La discusión sobre la discriminación por color de piel en San Pedro de las Colonias, Nuevo León, ha resurgido con fuerza tras denuncias de ciudadanos que afirman que establecimientos como Strana y Café Drama rechazan a personas por su apariencia física. Las quejas, compartidas en redes sociales, han generado un debate público sobre la persistencia de prácticas que violan los derechos humanos y la ley local. Los usuarios relatan que, en algunos casos, clientes son negados el acceso a espacios de ocio o servicios por su tono de piel, lo que ha generado indignación en la comunidad.
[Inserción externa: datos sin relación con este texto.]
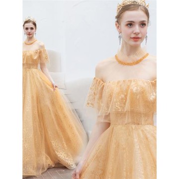 天使嫁衣金色新娘結婚敬酒服宴會表演演出主持人婚紗禮服2272批發
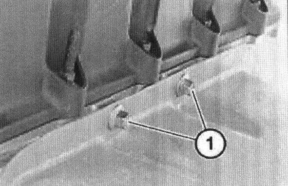 Remove oxygen sensor harness from clip (2) and remove heat shield.
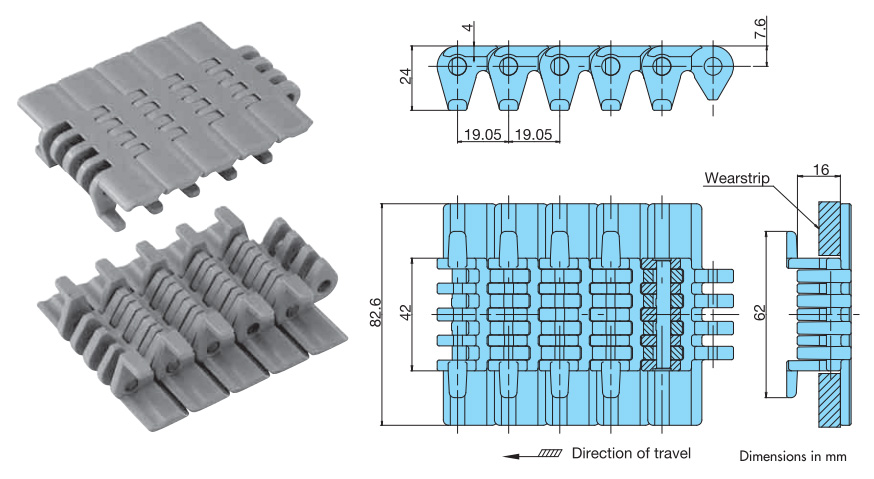 • - 附防上附件鏈條。防止在轉角處以及上升和下降輸送機上發生上提,並防止回程側板的上表面受損。
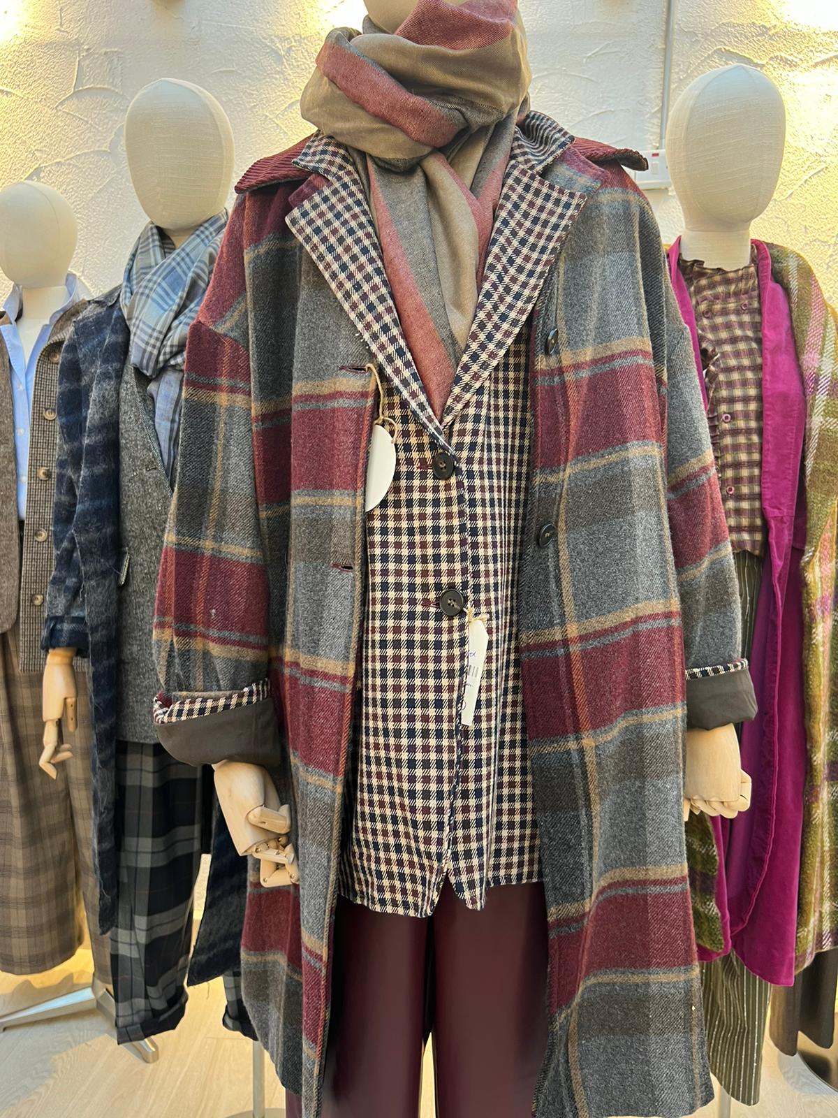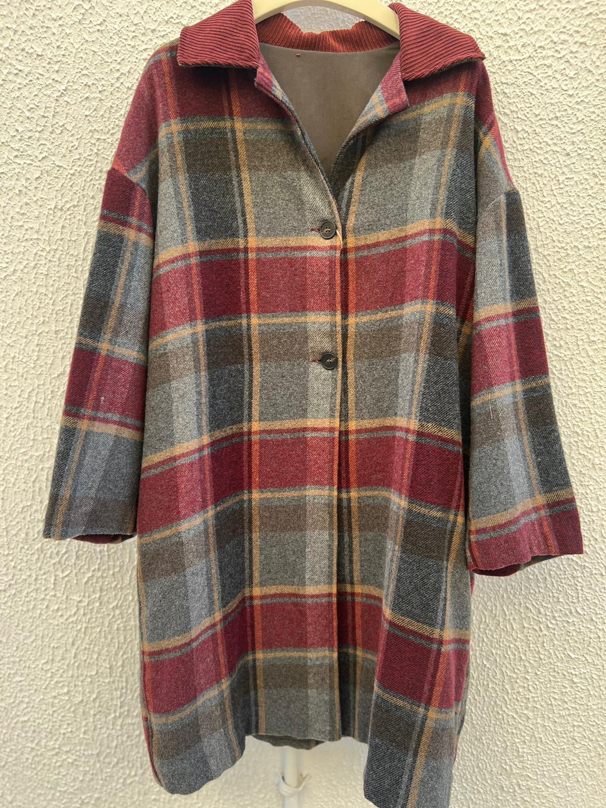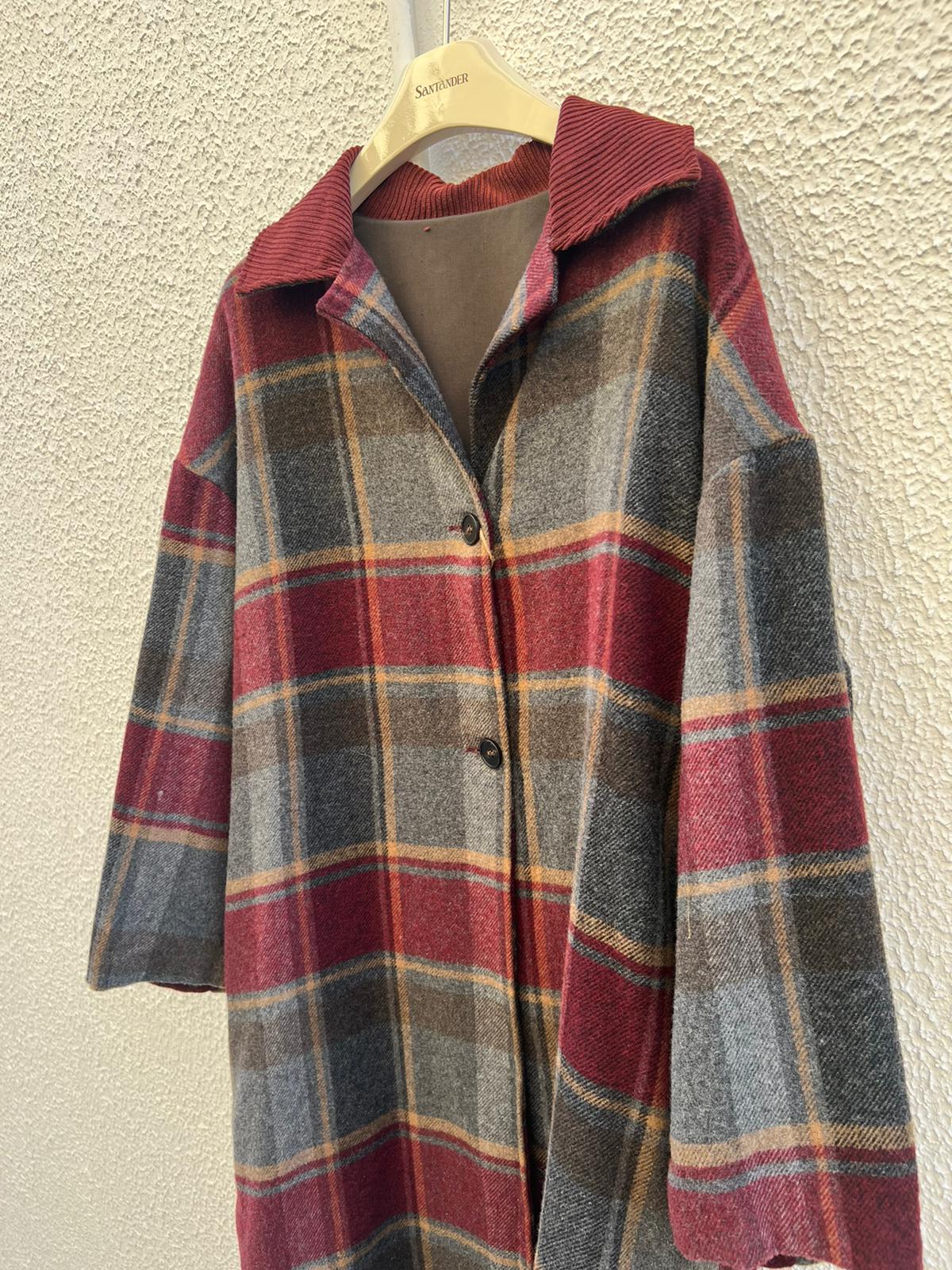 MANTEAU/PANCHO-COAT - GRAY & MAROON - IS200026B-5692
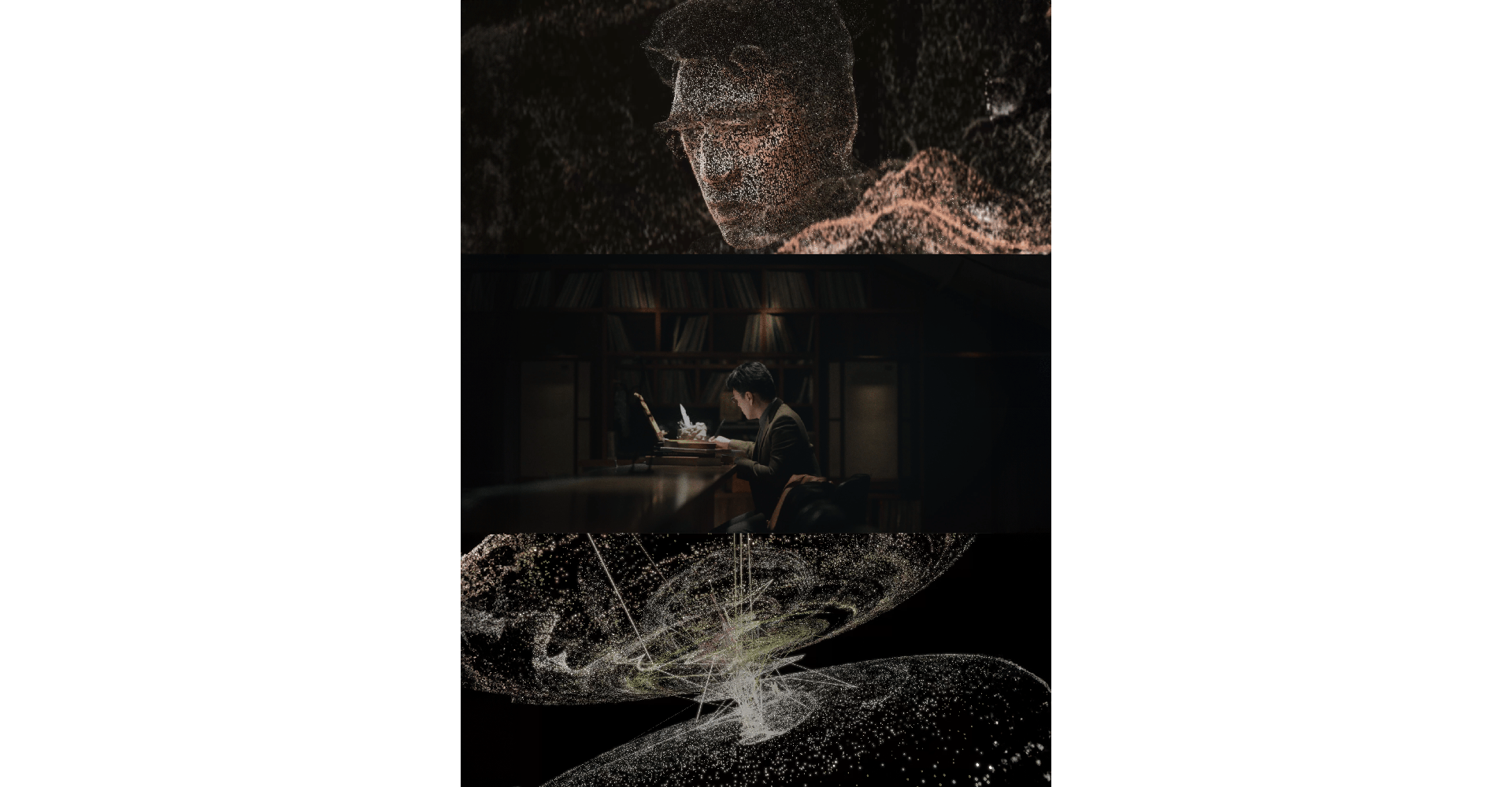 은퇴한 수학 천재는 디지털 만화의 창조자로 변신했다. 그는 자신의 펜 끝에서 시간과 차원이 유동하는 가상 세계의 신이 되었다. 그의 이야기 속에는 생명력을 얻은 세 캐릭터인 알파(α), 베타(β), 감마(γ)가 존재한다. 이들은 수학자의 가상 자식들처럼 복잡한 숫자의 얽힘 속에 머문다. 어느 날, 수학자는 영원한 잠에 들어 다시는 깨어나지 못하게 된다. 남겨진 캐릭터들은 서로의 존재를 감지하기 시작하고, 현실로 나가는 출구를 찾아 이 세계의 비밀을 해독하려 시도한다. 손에 잡힐 듯한 탐색 끝에 마침내 진실의 끝에 닿았다고 생각한 순간, 그들은 모든 것이 허공 위의 성이었음을 깨닫는다. 그들의 '진실'은 이미 오래전부터 무한 루프의 코드 속에 새겨져 있었다. 창조주였던 수학자는 결국 자연으로 돌아가 한 그루의 강인한 고목이 된다. 그는 디지털 우주를 수호하며 숫자의 미궁 속을 헤매는 아이들을 묵묵히 지켜본다. 모든 숫자와 공식은 진실을 향한 단서가 되지만, 어쩌면 진실은 그들의 목적지가 아닐지도 모른다.
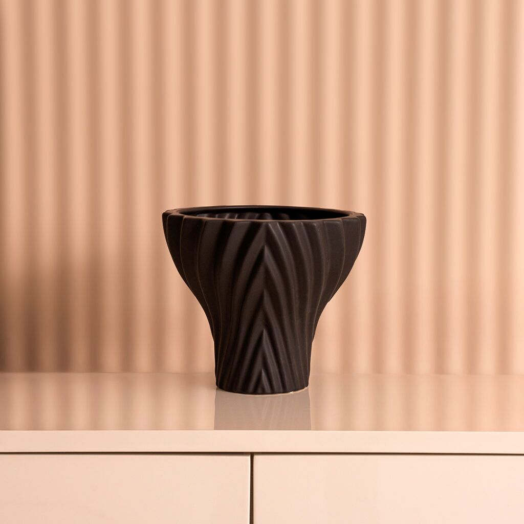 The blenka ceramic black vase blends classic elegance with a sleek black finish, making it a stylish statement piece for any space.
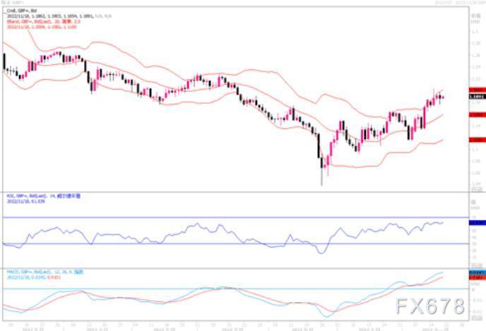 周四(11月17日),欧元对美元略微下跌0.5%,报收于1.0341。据知情人士透露,欧洲央行决策者可能会放慢加息速度,下个月将仅加息50个基点。知情人士提到的理由包括,经济衰退的风险越来越大、消费者价格压力可能会减弱以及将存款利率上调50个基点至2%,将达到接近中性水平,不会再刺激经济。有关这一消息,欧央行的官员未做出回应。距离12月15日欧央行央行今年最后一次决策会议还有四周时间,欧洲央行仍有足够时间做出斟酌。隔夜外汇市场上,虽然上述消息稍不利于欧元,但考虑到美联储也具有减低加息幅度的预期,因此欧元并未因此受到太大的空头冲击。日图显示在1.05关口前,欧元多头遇阻显得上冲力不够,随机指标倾向自超买区域回落,短线警惕回调风险。4小时图高位剧烈拉锯,上行未能再创新高。小时图波幅有所收敛,三角形态即将突破。短线还是要主防冲高回落风险,下方关键的支撑在1.03这个前期横盘区间上沿,若跌穿或就宣告欧元此轮反弹失败。相反,若能坚守在上述水平之上,则后市存在继续尝试冲击1.05的可能性。
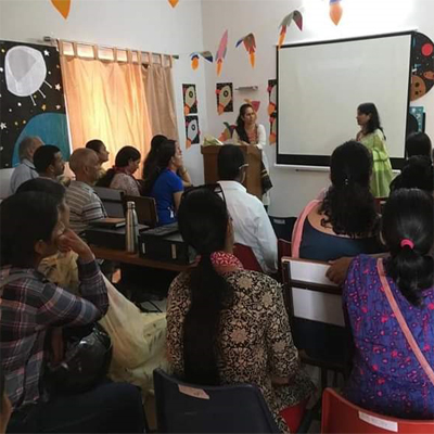 The class teacher, and co-class teacher through designed activities and individualized educational plan develop gross motor, fine motor, language, social behavior, academic skills and encourage, sensorial development. Our special academic program includes english, maths, hindi (optional), coloring and pasting.
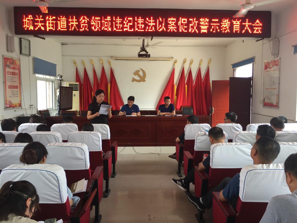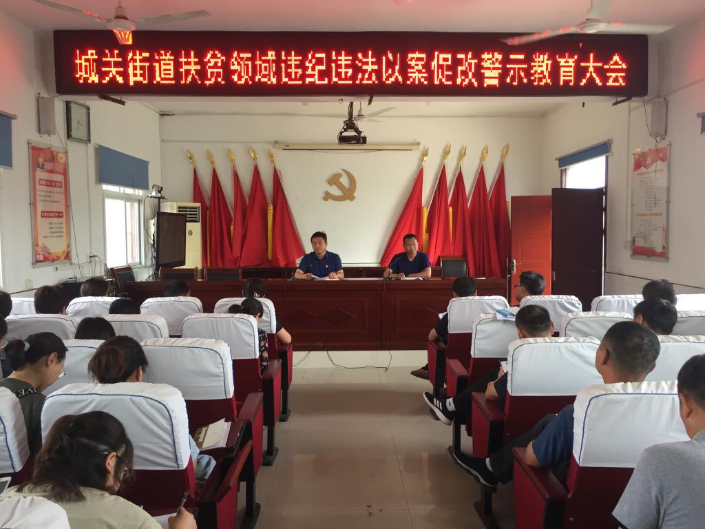 7月3日,城关街道召开扶贫领域违纪违法以案促改警示教育大会,全体干部职工参加会议。
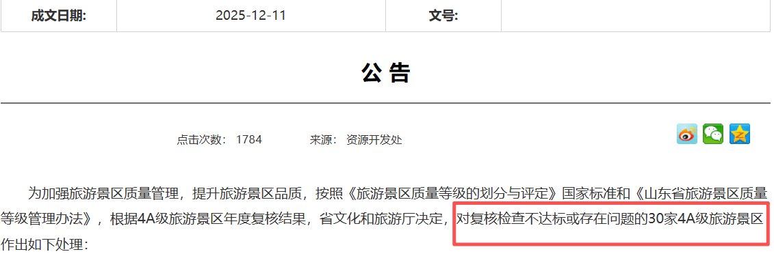 12月11日,山東省文化和旅游廳網(wǎng)站連發(fā)兩條公示公告,在對(duì)15家旅游景區(qū)擬升格為國(guó)家4A級(jí)旅游景區(qū)(以下簡(jiǎn)稱“4A級(jí)景區(qū)”)進(jìn)行公示的同時(shí),也對(duì)復(fù)核檢查不達(dá)標(biāo)或存在問(wèn)題的30家4A級(jí)景區(qū)作出處理。
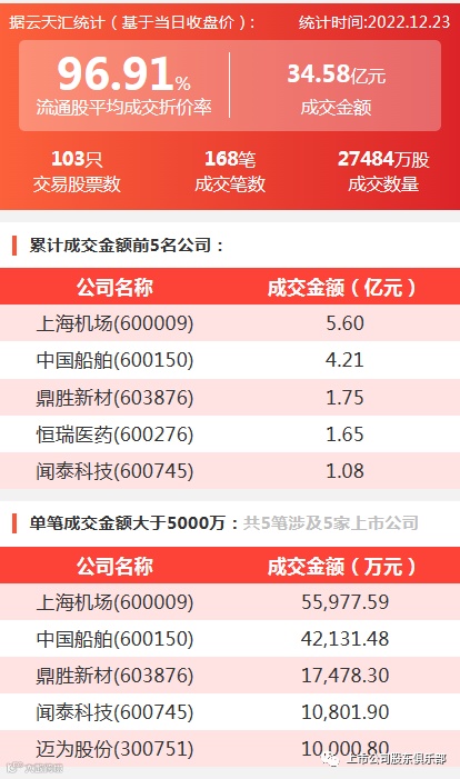 2022年12月23日,大宗交易成交金额34.58亿元,交易股票数103只,成交笔数168笔,流通股平均成交折价率96.91%,成交数量27484万股。
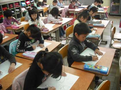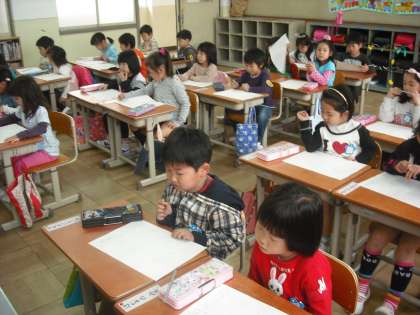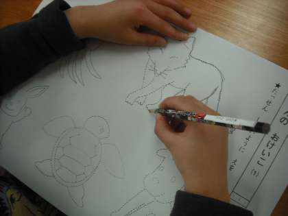 鉛筆の正しい持ち方を学習して,点線で書かれた動物をはみ出さないように書いています。正しく鉛筆を持っていないとはみ出してしまいます。みんな慎重に真剣に書いています。
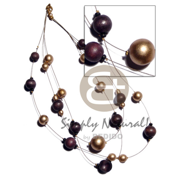 elastic 6 rows 8mm wood beads- greywood,nangka, bayong on ht=55mm nangka wood stick..
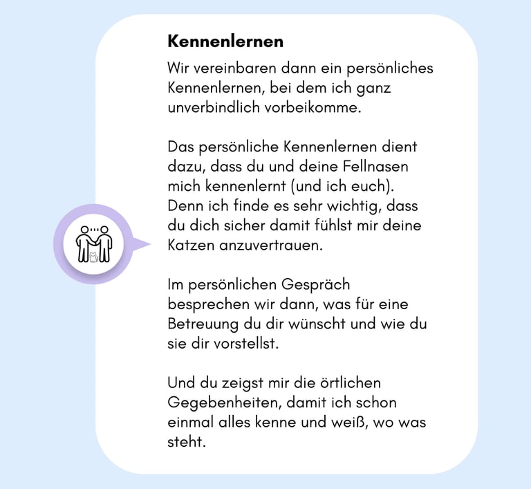 Katzen sind Gewohnheitstiere. Ein Ortswechsel bedeutet für viele enormen Stress. Mit Kitty’s Home bleibt deine Katze in ihrer gewohnten Umgebung – mit ihrem Lieblingsplatz, ihrem Futter, ihrem eigenen Rhythmus. Ich passe mich an ihre Bedürfnisse an, gebe ihr Zeit, Vertrauen zu fassen, und erkenne, was sie braucht.
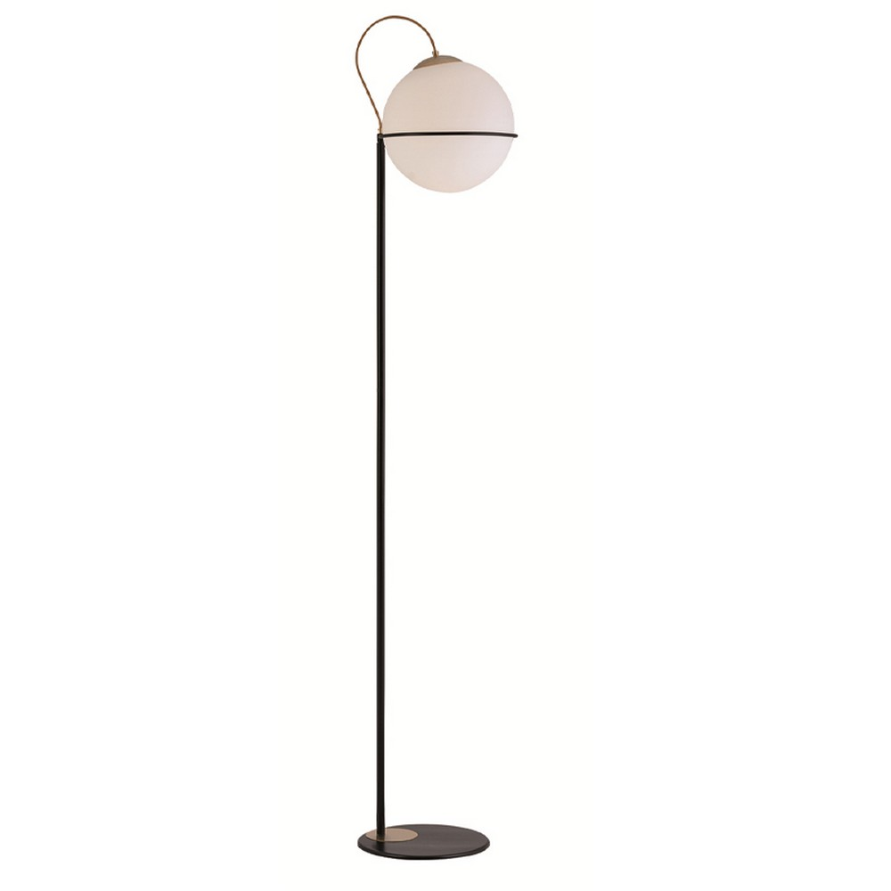 Φωτιστικό δαπέδου με γυαλί οπάλ σε λευκό ματ χρώμα και μεταλλική μαύρη βάση με χρυσές λεπτομέρειες.
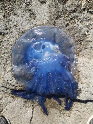 Κάτοικοι της Μεγάλης Βελανιδιάς στο Ν. Αγχίαλο, ενώ περπατούσαν σήμερα κατά τις πρώτες μεσημεριανές ώρες έπεσαν πάνω σε μια μπλε μέδουσα.

La discriminación por raza o color de piel está tipificada como delito en el estado de Nuevo León, según el Código Penal local, y está sancionada con multas y, en casos graves, con prisión. Sin embargo, los ciudadanos cuestionan la efectividad de las medidas existentes para prevenir y sancionar estos actos. Las denuncias recientes han puesto en evidencia la brecha entre las leyes y su aplicación en la práctica, especialmente en zonas donde la cultura del ocio y la exclusión están arraigadas.
Representantes de organizaciones civiles y activistas locales han llamado a las autoridades para que intensifiquen las inspecciones en establecimientos de hostelería y garantizar el cumplimiento de las normas antidiscriminación. Además, se ha propuesto la creación de canales de denuncia más accesibles para las víctimas, quienes a menudo se sienten desprotegidas al enfrentar situaciones de exclusión. La comunidad exige transparencia y acciones concretas para evitar que estos casos se repitan.
El caso de San Pedro refleja un problema más amplio en el norte de México, donde la desigualdad y la falta de conciencia sobre los derechos de las minorías persisten. Expertos en derechos humanos señalan que la educación y la sensibilización son clave para combatir prejuicios arraigados. Sin embargo, el desafío está en convertir estas iniciativas en políticas públicas efectivas que protejan a las personas de la discriminación en todos los ámbitos, incluyendo el privado y el público.